Position:13 59.00 S, 153 20.00 E

We smashed out a whopping 165 miles under sail today. Even better, the 25-knot winds held so steady that we didn’t have to touch the sail trim or the Monitor for the entire 24-hour period. We stayed pegged right on course. It almost felt like we were cheating. I took full advantage and caught up on my rest as the boat surfed over the seas. It’s getting warmer now as we sail into the low-teen latitudes, and this afternoon when the cabin was closed up the heat down below was stifling. Cracking the forward hatch even an inch open in these conditions would lead to an inevitable 20-30 gallons of saltwater pouring in. The nights are cool and pleasant, and we spend the hot days under the protection of the shade awning. We don’t wear a scrap of clothes.

We’re sailing over the Coral Sea basin now, a flat area of sea-bed about 15-16,000 feet deep. The only way I can describe the color of the water is Electric Purple, like that flavor of Gatorade that you want to try but know you probably shouldn’t. When the sun hits behind the cresting wave tops, it turns the tips of the purple waves a deep emerald blue, like the ice in the glaciers of Alaska. It’s a stunning combo. To round out the picture, several dozen dolphins cruised just under the electric purple crystal swells and torpedoed their way around the boat for an hour or so. Looking back in our wake, one dolphin was leaping and making back-flips and cartwheels as the sun went low on the horizon.

I’m always amazed by the variety of oceanscapes, and how one area of the ocean feels completely different than the other. It’s like walking through a forest: you’re always in the trees, but you can walk 1/2 hour down the trail and the entire aspect of the forest will change from friendly to gloomy, from scary to familiar. The oceanscape changes constantly in a similar manner, and it is for this reason that I will never got tired of sailing across the endless, shifting horizons.
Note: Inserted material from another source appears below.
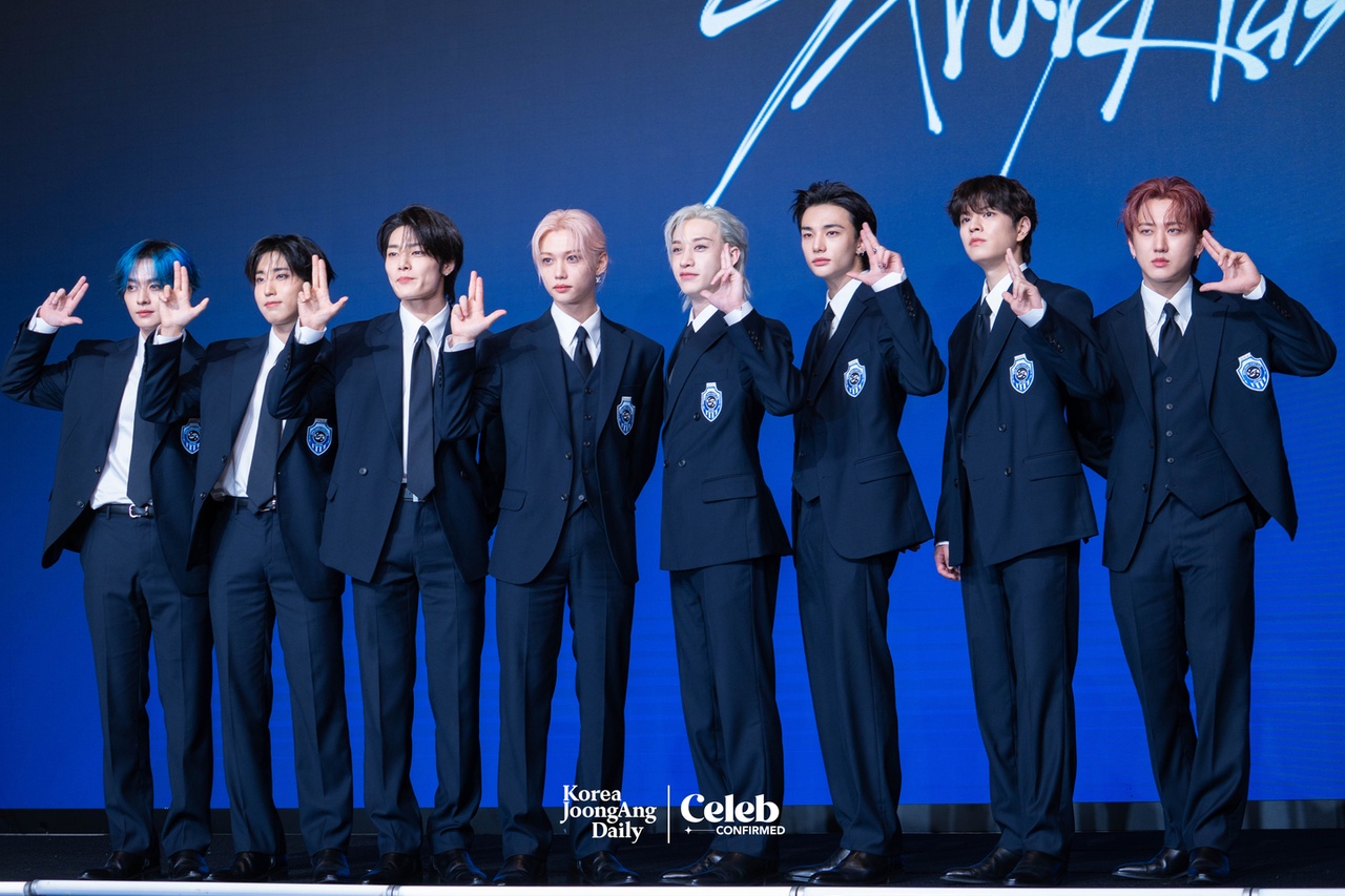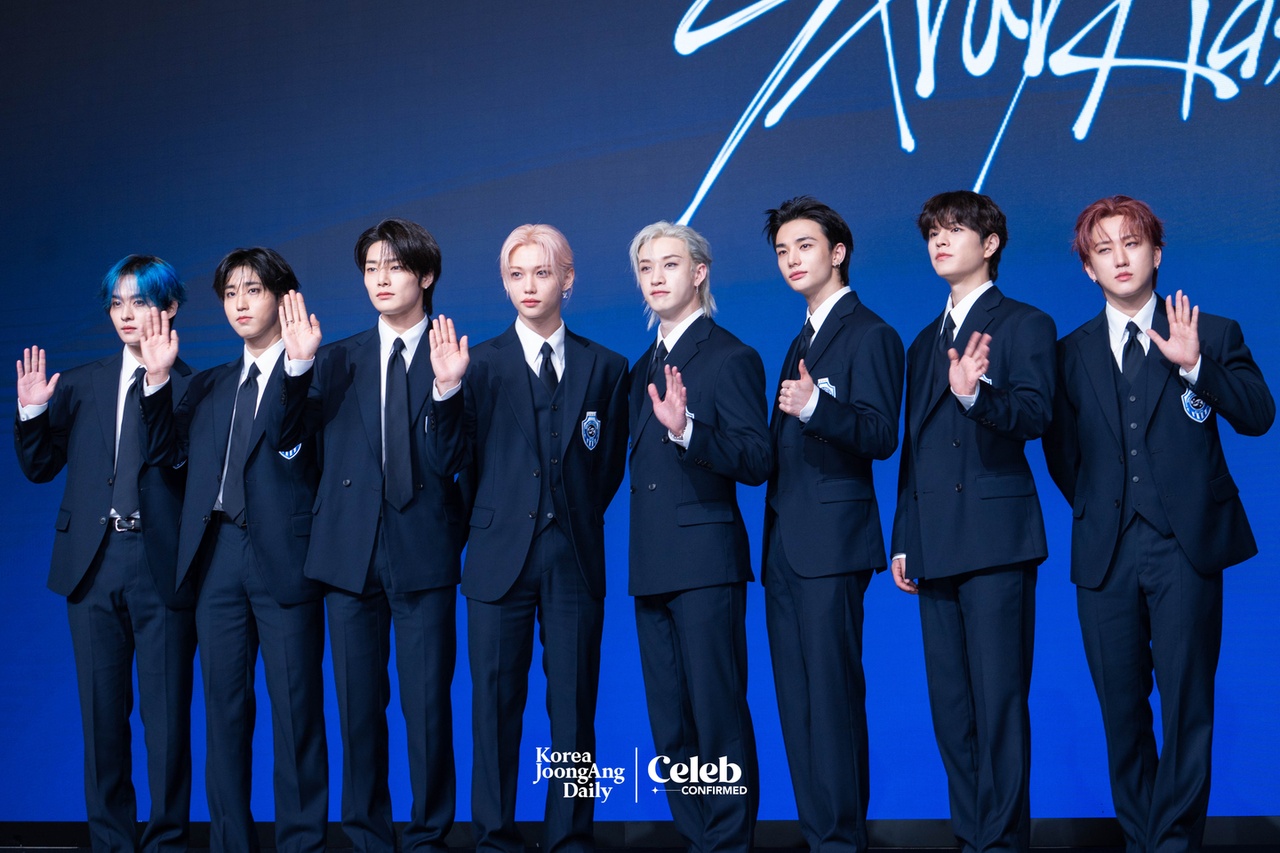 Here are some highlights from the media event, where Stray Kids posed for the cameras and answered questions from reporters.

Each night we pull the moon back a little further in the sky and have it for an extra hour or so on the night watch. Taz is so proud of himself every time he spies the moon. He’s always the first one on board to spot it rising each day. “MOOOEY!” he shouts with a stiffened arm and pointing little finger quivering to touch the moon. As I write, the moon is setting, beaming shafts and patches of eerie light down on the ocean. It’s like a UFO searchlight, quietly scanning the surface of some distant unknown place.